2. polyacrylamide, when used as a kind of additive, can improve the oil recycling efficiency. when used as flocculants, it can be used for sewage treatment. it can also be used as a paper strength agent.
3. acrylamide is the most important products in acrylamide and methacrylamide-based products. since its application in industry in 1954, the demand gradually increase. it is mainly used for the preparation of water soluble polymers which can be used as additives to improve oil recovery; as a flocculant, thickening agents, and paper additives. a small amount of acrylamide is introduce the hydrophilic center into the lipophilic polymer to improve the viscosity, increase the softening point and improve anti-solvents ability of resin, and can aso introduce a center for the coloring property of dye. acrylamide is also often used as a component of the photopolymer. for the vinyl polymer, its crosslinking reaction can take advantage of this kind of reactive amide groups. acrylamide can co-polymerizze with certain monomers such as vinyl acetate, styrene, vinyl chloride, vinylidene chloride, and acrylonitrile to obtain a polymer with a variety of applications.

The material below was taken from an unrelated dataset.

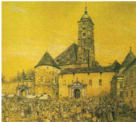
Izgled katedrale prije Velikog potresa 1880.

the main application areas: (1) used for the oilfield; the materials can be used in oilfield injection of wells for adjustment of the injection profile. mix this product with initiator, and deaerator and inject into the high permeability layer part of water wells. this will lead the formation of high- viscosity polymer unearth of the stratum. this can plug the large pore, increase the swept volume of oil, and enhance the oil recovery. in addition, the product polymer or copolymer can be used for tertiary oil recovery, fracturing, water shutoff, drilling mixing process and chemical grouting. (2) it can be used as flocculants. its partially hydrolyzed product and its graft copolymer of methyl cellulose can be used in wastewater treatment and sewage treatment. (3) soil conditioner; using the hydrolyzed product as soil amendments can aggregate soil and can improve air circulation, water permeability and water retention. (4) modification of fiber and resin processing; using acrylamide for carbamylation or graft polymerization can improve the resin arrangement of a variety of fiber containing synthetic fiber, as well as for warp and printing paste in order to improve the basic physical properties of fabrics as well as preventing wrinkle, shrink and keeping a good hand feeling. (5) it can be used as paper enhancer; copolymer of acrylamide and acrylic acid or partial hydrolysis products of polyacrylamide can be used as paper strength reinforcing agent for either replacing or combining with starch, and water-soluble amino resin. (6) it can be used as an adhesive agent including glass fiber adhesive agent with the combination of phenolic resin and polyacrylamide solution, as well as pressure sensitive adhesive combined with synthetic rubber.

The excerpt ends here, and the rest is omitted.